> [WHAT TO DO]: Set down the final stretch of the data, from the line that holds "系统:win7-32操作:a、文件监控 默认b、系统加固 设置为" through the last line, both included, with pictures left out.

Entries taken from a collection
☆ ☆ ☆ ☆
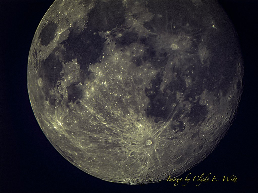 The last full moon of the winter season was/is bright and shiny tonight. I say was/is because here in northeast Ohio you take advantage of clear sky when you can get it. Thus, I was out last night (March 5) photographing the moon because the weather gods were not going to smile upon us for the real full moon, March 6. Okay, not to put too fine a point on this, technically, the moon will be full at 7:42 am on March 7. It looks full for a day on either side of the actual moment of fullness. I was out early in the evening, trying out a new piece of equipment and subsequently whacked off part of the moon’s head. Sorry Luna. From this image, however, you’ll get the picture. It’s made from a stack of about 1,000 separate images shot with my ZWO ASI 224 MC astro camera, and Explore Scientific ED80CF scope, stacked in ASI’s stacking program. Needless to say, I like the results. It was also shot when the moon was low so I picked up some of the golden hour glow.
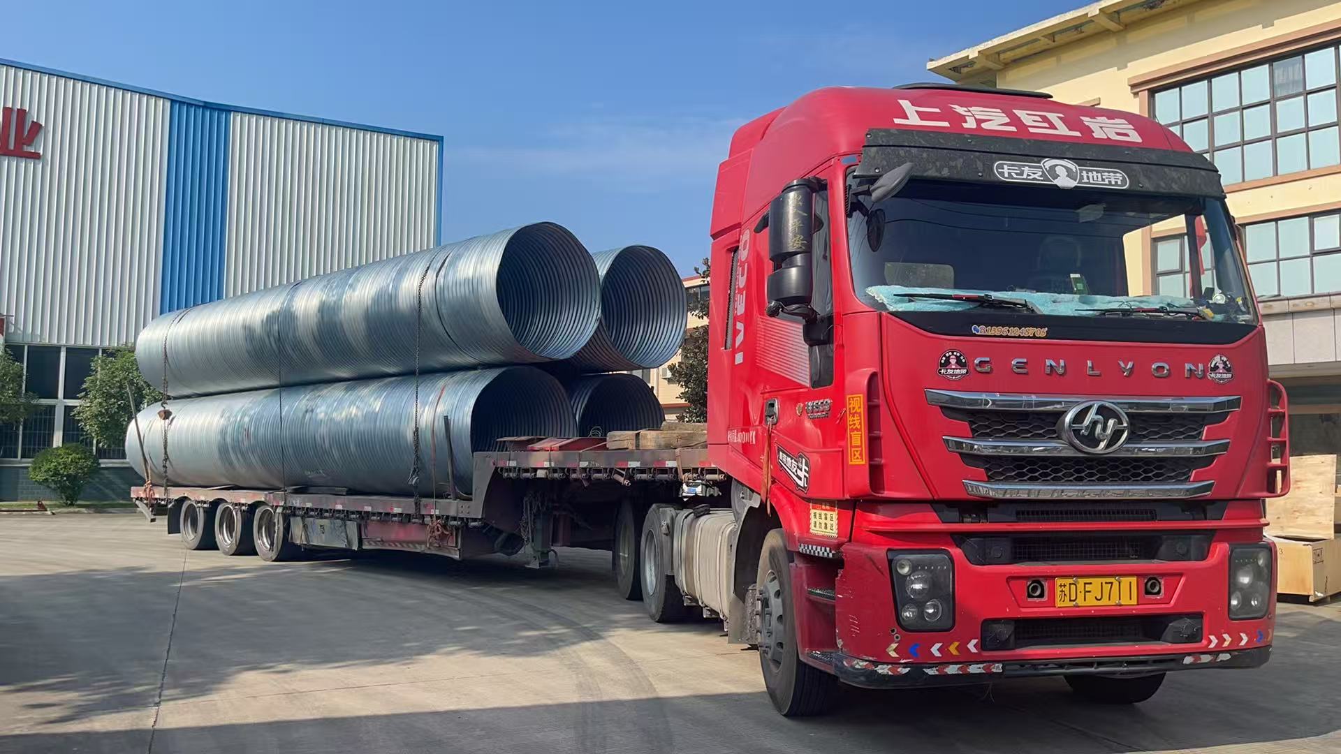 2025年7月9日,我公司发往甘肃xxx公司的螺旋钢波纹管发货图。
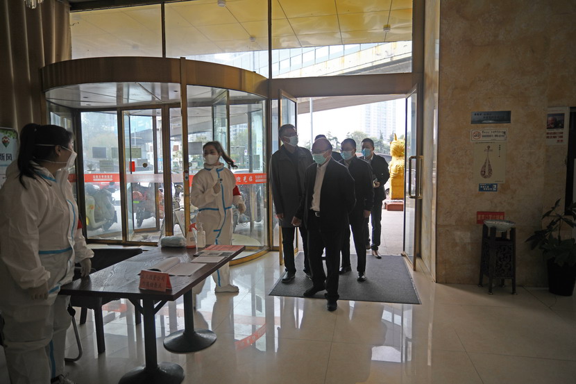 進(jìn)入辦公區(qū)后,丁銳一行對臨時(shí)辦公區(qū)的辦公氛圍表示贊賞,各部門門牌張貼到位,管理制度上墻,特別是疫情防控制度全面到位。同時(shí)隨機(jī)來到工作人員宿舍,檢查了內(nèi)衛(wèi),對工作人員表示了慰問。
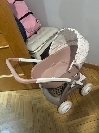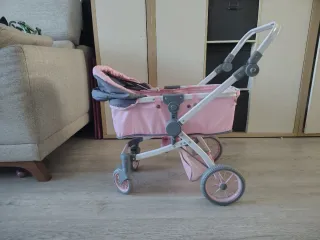 Carrito de juguete color rosa y detalles en gris. Funciona bien y las telas y ruedas están en buen estado. Le falta una espuma que tenía en la empuñadura que estaba muy gastada y una tela que iba con cremallera y cerraba el capazo. Los remaches de la capota habría que apretarlos o cambiarlos porque se mantiene abierta si está en vertical pero no a media altura.
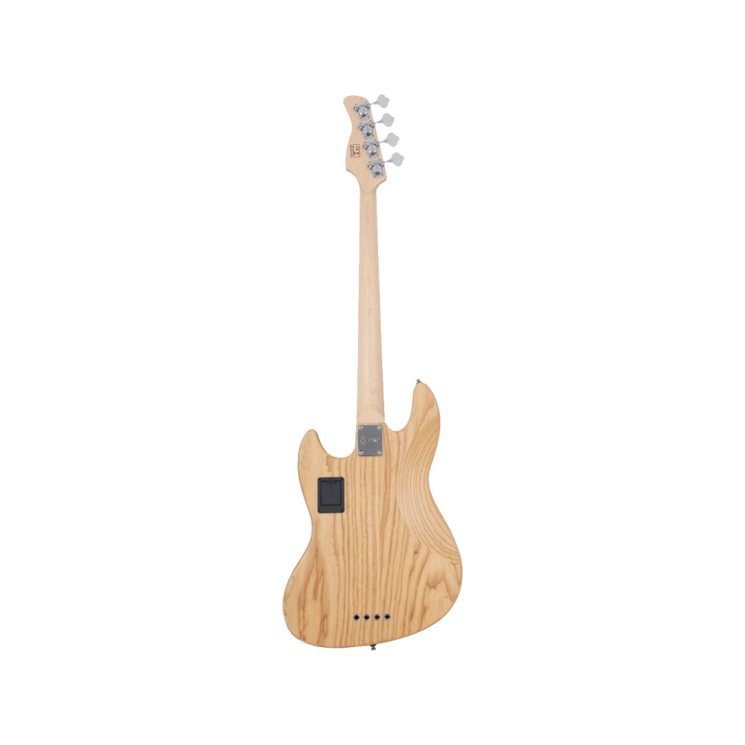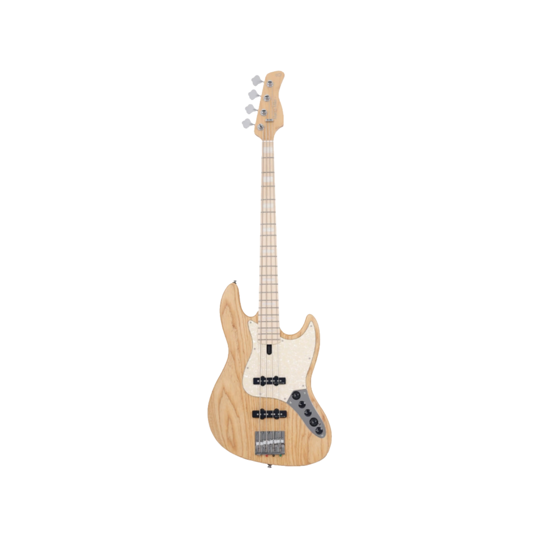El Sire V7 Ash-4 NT es un bajo de 4 cuerdas que combina una estética clásica con una electrónica extremadamente versátil. El cuerpo está construido en Fresno del Pantano (Swamp Ash), una madera premium conocida por su gran resonancia, graves profundos y agudos cristalinos. El acabado NT (Natural) resalta la veta característica del fresno, dándole un aspecto orgánico y lujoso.
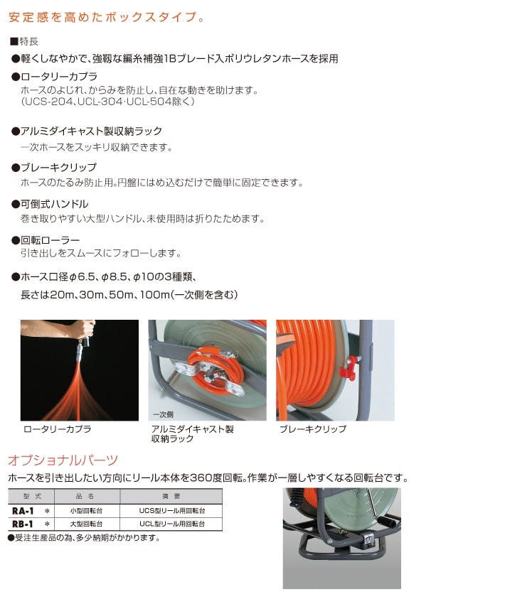 ●メーカー/ハタヤリミテッド(HATAYA)●型番/UCS-302●内径×外径/6.5×10mm●全長/28m●重量(kg)/7.0●使用圧力/1.5MPa●1次ホース/2m●サイズ/348(W)×227(D)×398(H)mm●材質/編糸補強 1Bブレード入ポリウレタン,円盤(鉄板)●ロータリーナットカプラー付●1次側にプラグ,2次側にソケット付
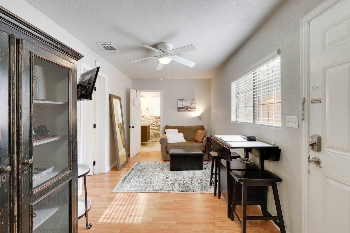 SoCo Cottage Collection 2 este o cabană liniștită chiar lângă Congresul de Sud. Are un dormitor cu pat matrimonial și o canapea extensibilă în zona de living. Spațiul are o chicinetă, Amazon Fire TV cu Amazon Prime, Wi-Fi de mare viteză și baie completă. Această cabană are un perete comun cu casa principală, dar este o locuință complet separată, cu intrare proprie și fără facilități comune. Nu există un loc de parcare rezervat pentru această unitate, însă parcarea stradală este de obicei disponibilă. Ne vedem în curând!
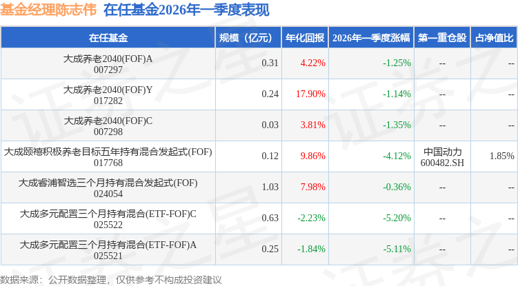 证券之星消息,日前大成颐禧积极养老目标五年持有混合发起式(FOF)基金公布一季报,2026年一季度最新规模0.12亿元,季度净值涨幅为-4.12%。
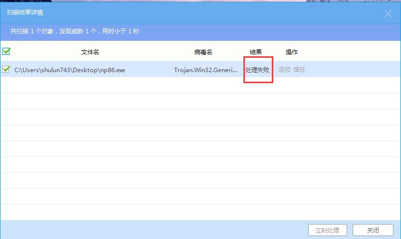 系统:win7-32操作:a、文件监控 默认b、系统加固 设置为 最高c、双击运行病毒结果:1、系统加固 和 行为 都没有动作!!!2、处理失败!!!
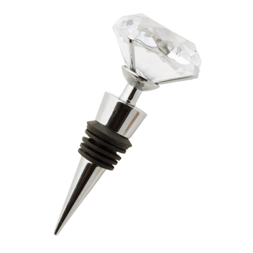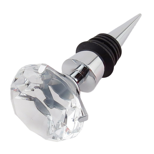 Wine Bottle Stopper, 3-7/8"H, glass crystal top, zinc alloy, chrome plated (factory box)
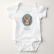 Cute Deer Reindeer Baby`s First Christmas baby bodysuit. Cute deer on blue winter background. Personalize the bib with your baby's name and the year of birth.
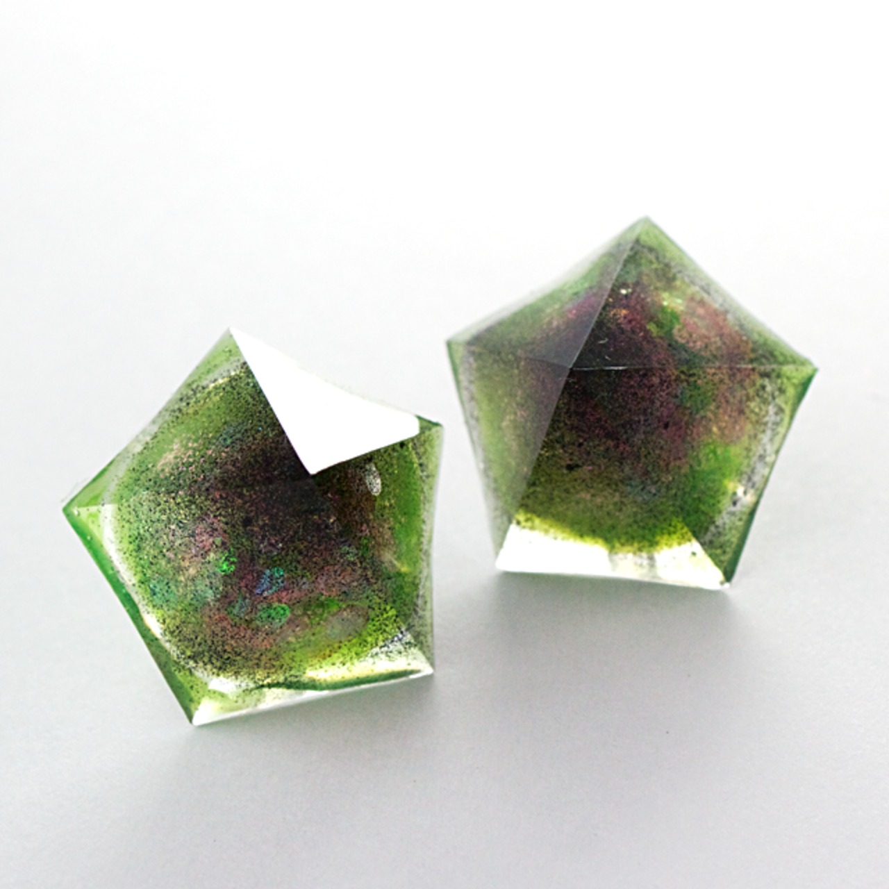ドーム型に様々な色のラメやビジューなどをクリスタルレジンで閉じ込めたペンタゴン型のピアスです。
☆ ☆ ☆ ☆
> [SOLUTION FOR THIS PROBLEM]:
 系统:win7-32操作:a、文件监控 默认b、系统加固 设置为 最高c、双击运行病毒结果:1、系统加固 和 行为 都没有动作!!!2、处理失败!!!
 Wine Bottle Stopper, 3-7/8"H, glass crystal top, zinc alloy, chrome plated (factory box)
 Cute Deer Reindeer Baby`s First Christmas baby bodysuit. Cute deer on blue winter background. Personalize the bib with your baby's name and the year of birth.
ドーム型に様々な色のラメやビジューなどをクリスタルレジンで閉じ込めたペンタゴン型のピアスです。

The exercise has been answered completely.